Это было и без того ясно, черт возьми! К тому же Сорбье не из тех людей, кто убивает себя. Надо искать что-то другое. Но что же, что?
— Кто из персонала остается на заводе с двенадцати до двух?
— Подсобные рабочие и кое-кто из служащих, живущих слишком далеко, но им запрещено передвигаться по территории завода.
— Сколько всего человек?
— В это время года около пятидесяти. Обычно — больше.
— За ними следят?
— Непосредственно за ними — нет. Но за столовой наблюдают.
— А где столовая?
Кассан показал на длинное одноэтажное здание в конце двора, за открытыми окнами которого виднелись ряды столов.
— Сюда приходил Леживр за обедом для Сорбье?
— Да. Обратите внимание на расположение дорожек. Они расходятся от двора веером. А на перекрестке — сторожевой пост. Отсюда вам не видно. Его скрывает крыша здания научной документации. Но пройти из столовой к центру, минуя сторожевой пост, невозможно.
— А охранники? Вы в них уверены?
— Это все бывшие полицейские. Их отбирали с величайшей тщательностью.
— Следовало бы поставить пост у калитки в переулок.
— Я знаю.
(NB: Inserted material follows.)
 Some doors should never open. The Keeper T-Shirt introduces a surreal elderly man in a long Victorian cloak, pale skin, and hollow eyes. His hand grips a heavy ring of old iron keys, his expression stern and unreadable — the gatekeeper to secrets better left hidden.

Но повторяю еще раз: центр переживает трудный период реорганизации и модернизации. Существует план, согласно которому этого второго входа вообще не будет. К тому же следует принять во внимание, что в этой части центра нет ни одной важной службы.
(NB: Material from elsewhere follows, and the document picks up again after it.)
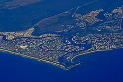 ![]() Aerial photo of Mooloolaba showing river mouth and canals, 2007 | |

Крыши сияли на солнце, поблескивали лужи, сверкали высоковольтные линии. Марей посмотрел на часы: половина четвертого. Кассан протянул ему пачку сигарет.
— Позвольте предложить вам. — И добавил, поднося зажигалку: — У вас уже есть какая-нибудь версия?
— Никакой, — проворчал Марей. — И верите ли, больше всего меня смущает даже не столько преступление само по себе, сколько то, что вы мне сейчас показали. В банке, ювелирном магазине, в отеле я чувствовал бы себя в своей стихии. Я знал бы, с какого конца начать расследование. Но вся эта футуристическая обстановка… Вы понимаете, что я хочу сказать… Начинает казаться, будто здесь может случиться все, что угодно… Будто можно стать невидимкой или убивать на расстоянии!
— Что же вы собираетесь делать?
Марей взглянул сверху вниз на коротышку Кассана, слишком элегантного в своем габардиновом костюме.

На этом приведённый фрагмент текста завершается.